その他1(本堂内のその他の仏像について)

本堂の脇壇に理源大師聖宝像とされる僧形像(像高約80センチの坐像)が安置されている。聖宝(しょうぼう)は平安初期の真言宗の高僧。頭部内に銘文があり、江戸時代初期に宗印と弁蔵という仏師によってつくられたことが知られる。
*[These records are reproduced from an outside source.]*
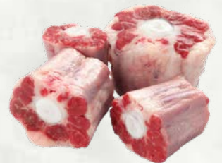
Repi mlade govedine sveže
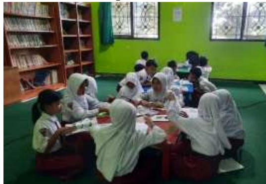
Gambar . Disiplin Waktu Literasi

Implementasi program literasi di SDN Merjosari 4 Malang secara signifikan berkontribusi pada pembentukan disiplin waktu siswa melalui proses habituasi yang konsisten. Hasil penelitian menunjukkan bahwa jadwal rutin memberikan struktur transisi yang jelas antara pembelajaran formal dan literasi, sehingga siswa mulai menunjukkan kesiapan mandiri tanpa perlu pengingat berulang. Berdasarkan hasil wawancara dan dokumentasi, kesadaran pengelolaan waktu ini berkembang dari sekadar ketaatan terhadap instruksi menjadi motivasi internal untuk menghindari konsekuensi negatif dan menjaga ritme kegiatan. Kesiapan siswa dalam menyiapkan bahan bacaan dan menempati posisi secara tertib mencerminkan bahwa pengalaman berulang dalam rutinitas harian sekolah efektif mentransformasi perilaku insidental menjadi karakter disiplin yang stabil.
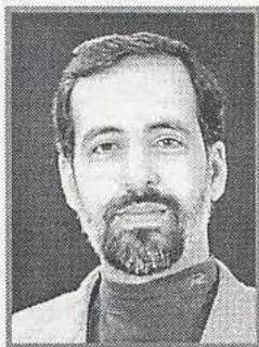
** سید مهدی جهرمی
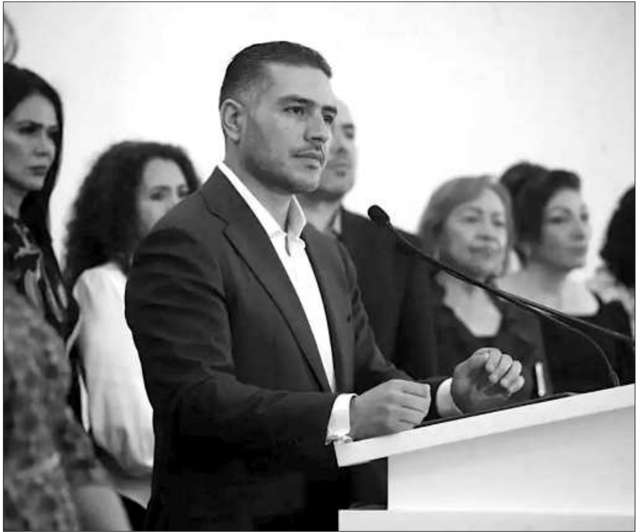
▲ El aspirante a coordinar los trabajos de la 4T en CDMX sostiene que su participación en las reuniones señaladas por el subsecretario de Derechos Humanos de Gobernación, Alejandro Encinas, fue para hallar a los jóvenes.

El organismo nacional exhortó una vez más a los integrantes del GIEI y de la CIDH para que le entreguen los documentos con los que hayan trabajado, así como los cuestionamientos que indican no haber sido solventados por el Gobierno Federal, para que, "desde nuestro ámbito, y en cumplimiento de los mandatos constitucionales, se continúen con los trabajos de investigación y esclarecimiento" de la desaparición forzada de los estudiantes el 26 de septiembre de 2014.
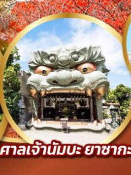
ศาลเจ้านิมบะ ยาชากะ
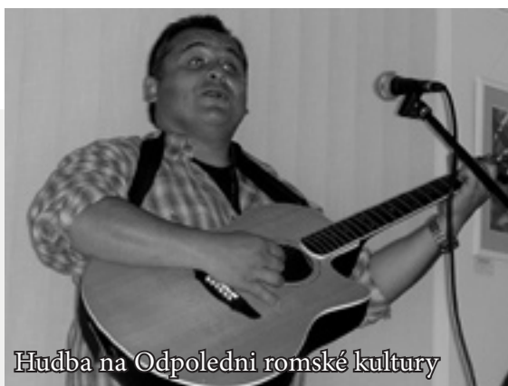
Hudba na Odpoledni romské kultury

15. října 2004 jsme v prostorách Chráněného pracoviště Charity Zlín uspořádali Odpoledne romské kultury. Součástí byla výstava romského umění a folklóru, ukázka romské kuchyně, vystoupení romských umělců a též prezentace odborných prací týkajících se situace romské menšiny v České republice.
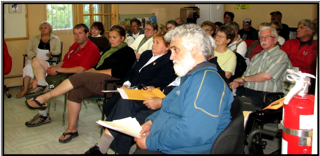
Les citoyens de Tadoussac
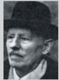
Gehlen in zijn tijd bij de Fremde Heere Ost
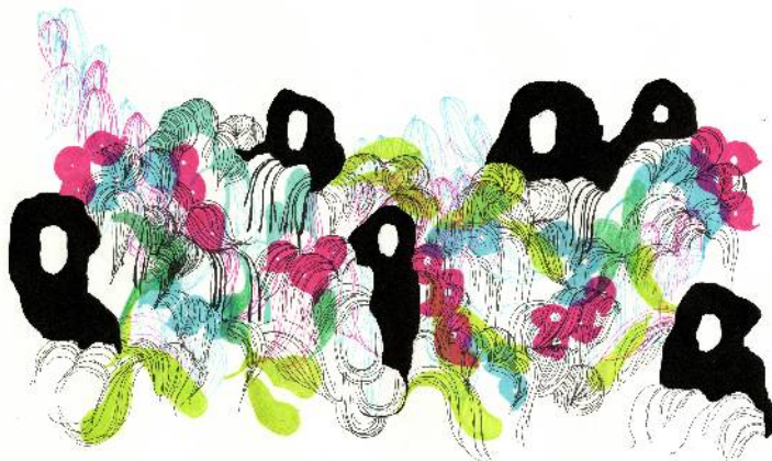
Honky Ponky, Qubo gas 2009 Encres et feutres sur papier
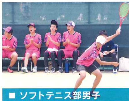
■ ソフトテニス部男子

R4 全国選抜大会団体 5位 R4 全九州大会個人 3位 R4 インターハイ団体 5位 R5 インターハイ個人 3位 団体 5位 R5 全国選抜大会 男子個人 3位 R6 インターハイ団体 ベスト16 R6 全国選手権大会 男子個人 ベスト8

宗印は秀吉が発願した京都方広寺の大仏や、戦国時代に焼け落ちた東大寺大仏頭部の再興にかかわったとされる当代を代表する仏師である。方広寺大仏は地震で崩れ落ち、東大寺大仏のこの時の頭部は木製で、のちに銅で造り直されたため、宗印らの造った大仏はいずれも見ることが叶わないが、この聖宝像を見ると、写実を極めた中世の肖像彫刻を思わせるみごとな造形で、宗印が並々ならぬ技量をもった仏師であったことがわかる。暗い場所ではあるが、間近で拝観できる。

 

本堂内の脇部屋は特に天井が低く、軒を高く堂々とという造りでないこの建物の特徴がとてもよくわかる。ここにはケースがしつらえてあり、伝来あるいは発掘された小さな仏像等が展示されていて、ミニ博物館のようになっている。
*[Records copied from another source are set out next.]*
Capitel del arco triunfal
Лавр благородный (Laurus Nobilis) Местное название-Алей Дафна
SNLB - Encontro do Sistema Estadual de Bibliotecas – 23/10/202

中で面白いものは、像高わずか4センチ半の両頭愛染明王坐像である。愛染と不動は一体のものとする考えから生まれたもので、絵画には何点か優品が知られているが、彫刻で中世にさかのぼるものは本像が唯一の遺例であるかもしれない。材はヒノキで、石仏龕の前の敷石(葬儀の際、座棺を据えた石という)下から見つかったものだそうだ。

 

 

その他2(不動堂の仏像と境内の石仏について)

本堂に向って左手の不動堂の本尊は、不動三尊像である。毎月8、18、28日に開扉される。金網ごしでやや距離があり、特に、可愛らしい感じの脇侍の童子像は飾り物で見えにくい。
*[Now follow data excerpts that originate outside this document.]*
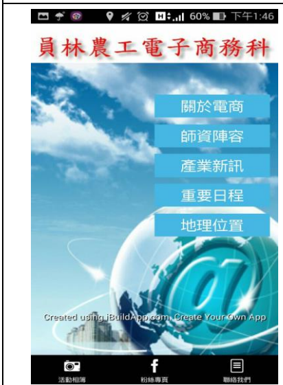
專題製作課程-電商科 app
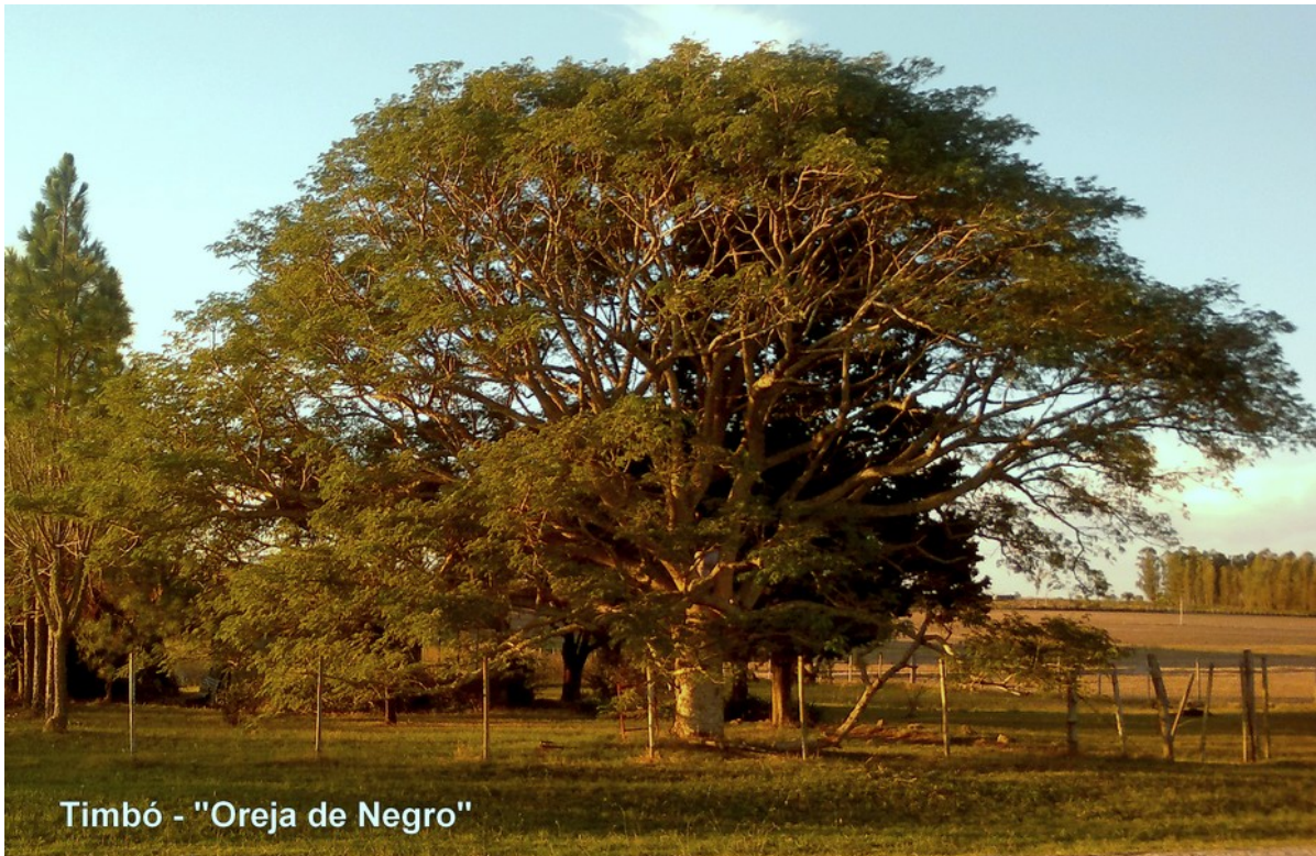
El Timbó – “Oreja de negro” - y su leyenda

Escrito por Daniel Bentancor Domingo, 26 de Marzo de 2017 23:06
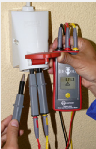
Überprüfung einer CEE-Drehstromsteckdose
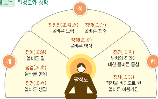
Q 한눈에 보는 팔정도와 삼학

앞에서도 시사되었듯이, 무명은 열반의 결과가 아니라 오히려 열반으로 가는 길을 막는 장애물입니다. 그 장애물을 없애는 데 필요한 노력이 바로 팔정도이고, 그중 특히 정견(正見, 바른 견해), 그리고 정견을 바탕으로 한 정사(正思, 바른 생각)는 무명을 벗어나는 일과 매우 직결됩니다. 무명이란 실상을 보지 못하는 어리석은 상태를 뜻하기 때문입니다. 이 직결은 팔정도와 삼학(三學)의 관계를 생각해 보면 더욱 분명해집니다.

全体の印象としては、平安後、末期時代の不動像らしく、忿怒相のなかにも優美さが見える。中尊は像高約1メートルでヒノキの寄木造、脇侍像は像高約45センチでヒノキの割矧(わりは)ぎ造である。

 

本堂に向って右手の小さな庭園には、中世期の石仏が何体か置かれている。特に「興福寺曼荼羅石」と呼ばれる石造物は、興福寺の中金堂、西金堂、東金堂、北円堂、南円堂、南大門の伽藍などを、それぞれの本尊を線彫りすることで表すという非常に珍しいものである。ただし、保護のために小さな覆い屋の中にあり、よく見えない。